Director: Danny Boyle
Writers: Alex Garland
Stars: Aaron Taylor-Johnson, Jodie Comer, Ralph Fiennes
Synopsis: A group of survivors of the rage virus live on a small island. When one of the group leaves the island on a mission into the mainland, he discovers secrets, wonders, and horrors that have mutated not only the infected but other survivors.
In 2002, Danny Boyle and Anthony Dod Mantle pioneered digital filmmaking by shooting 28 Days Later on a Canon XL1 DV camera, giving the Zombie apocalypse film a unique look and feel, while also paving the way for the acceptance of digital cinematography as the film industry began the transition from celluloid to memory cards. In the post-digital era we live in today, it is now routine for studios (and directors) to use newer cameras for their projects, as it is much cheaper and less cumbersome than film. And while there were formal innovations at the time where digital was not widely accepted, such as in Michael Mann’s Collateral and Miami Vice, the sludgy pictures filling our screens today is the most significant symptom of a desire to make each “big screen” experience as televisual as possible.
Digital filmmaking requires different considerations than film, yet few directors are actively interested in exploring these newer technologies and offering never-before-seen images for the audience to question their place in society. However, in the year of our lord 2025, auteurs like Jia Zhangke, Steven Soderbergh, David Cronenberg, Takeshi Kitano, Leos Carax, and Joseph Kosinski have all begun to question how filmmaking in this era should be approached when the big-budget productions of this Earth have grown more and more sterile. It makes their movies stand out amongst the rest of the pack, as they figure out the purpose of cinema at a time when few moviegoers actively want to see a film on the big screen.

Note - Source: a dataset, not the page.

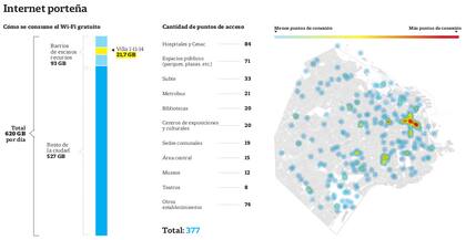 Mientras en la villa 1-11-14 se utilizan 21 GB por día, en el polideportivo Parque Patricios la demanda alcanza a 11,3 GB (1,8% del total); en la Facultad de Derecho, 7,9 GB (1,3%), y en la plaza Lavalle, 6,4 GB (1%).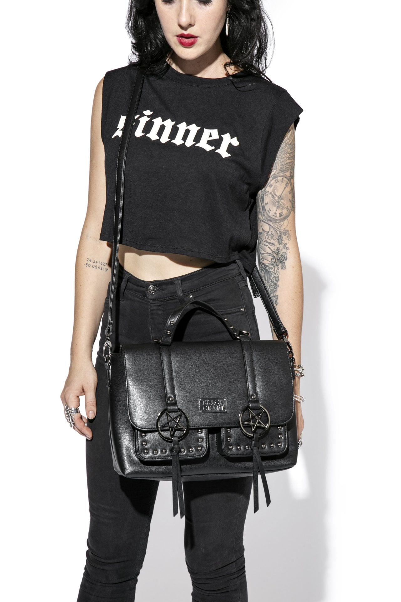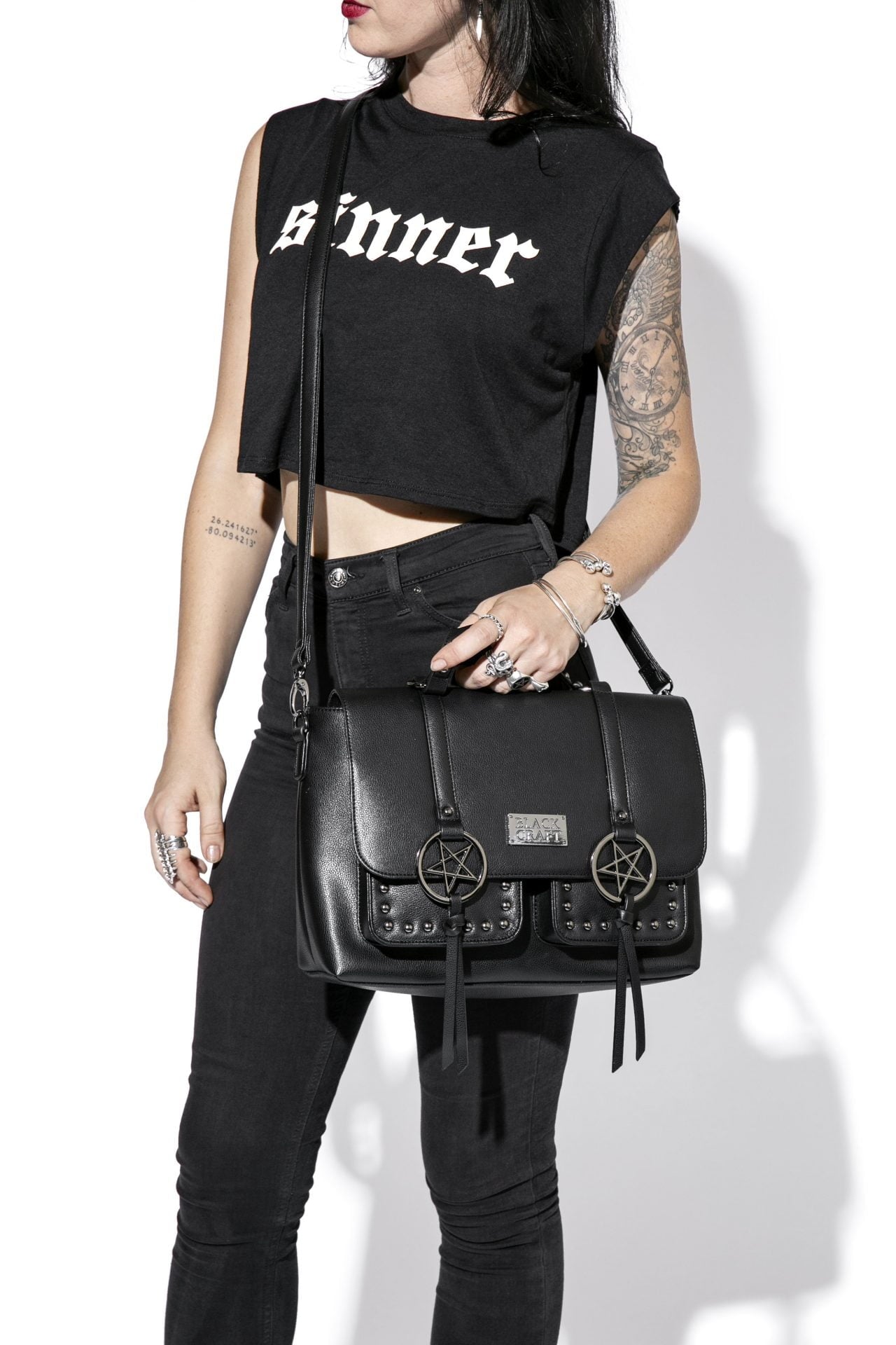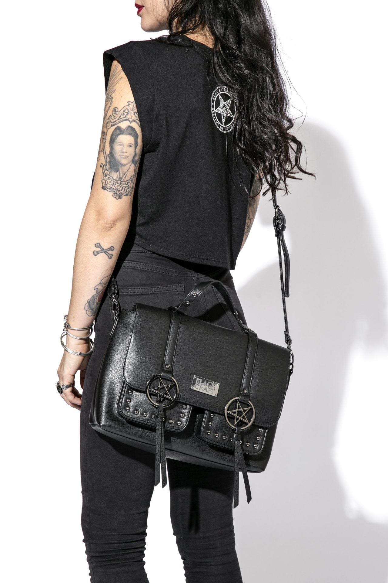 Faux leather messanger bag with gunmetal finish pentagrams and Blackcraft logo plaque. 46" adjustable removable crossbody strap included. Interior features 1 zip pocket, 1 slit pocket and custom interior lining.

For the much-anticipated 28 Years Later, Danny Boyle fundamentally understands that, for an audience to see his latest project in the cinema, he must offer them images they have never witnessed before, even if filmmakers like Sean Baker and Soderbergh experimented on the predominant device Boyle (and Dod Mantle) shot their Zombie film on: iPhones. Transcending the artifice Soderbergh established in Unsane and High Flying Bird, Boyle immediately jolts our attention with his perversely funny opening scene, as a group of children are mortified in terror as they are forced to watch the Teletubbies, whilst the rage virus outbreak is creeping at their doors.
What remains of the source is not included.